Task details: Once the pictures are set aside, transcribe the remaining data exactly.
[Source material — start]
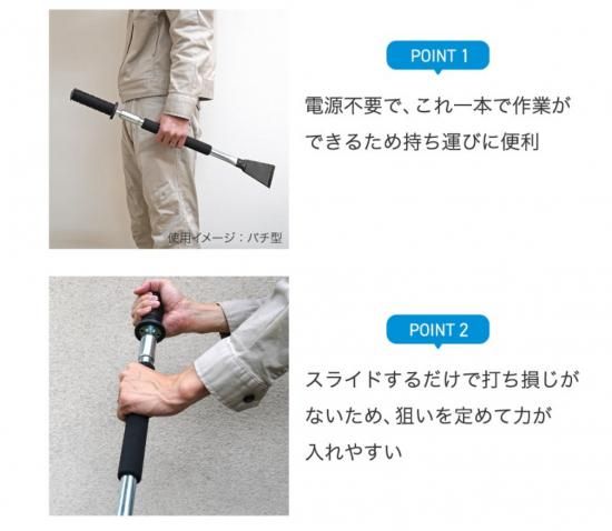 ・先端硬度HRC40程度でアスファルトやコンクリートも斫れる。
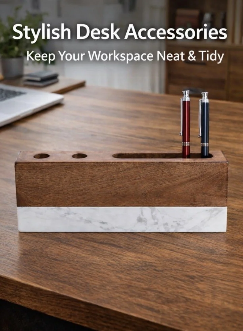 Marble Desk Pen/Pencil Holder- 3.5" L x 3.5" W x 3.5" H
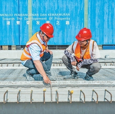 馬來(lái)西亞吉蘭丹州的馬東鐵項(xiàng)目一分部制梁場(chǎng),技術(shù)人員討論生產(chǎn)情況。新華社記者 朱 煒攝
[Source material — finish]
Task result:
 ・先端硬度HRC40程度でアスファルトやコンクリートも斫れる。
 Marble Desk Pen/Pencil Holder- 3.5" L x 3.5" W x 3.5" H
 馬來(lái)西亞吉蘭丹州的馬東鐵項(xiàng)目一分部制梁場(chǎng),技術(shù)人員討論生產(chǎn)情況。新華社記者 朱 煒攝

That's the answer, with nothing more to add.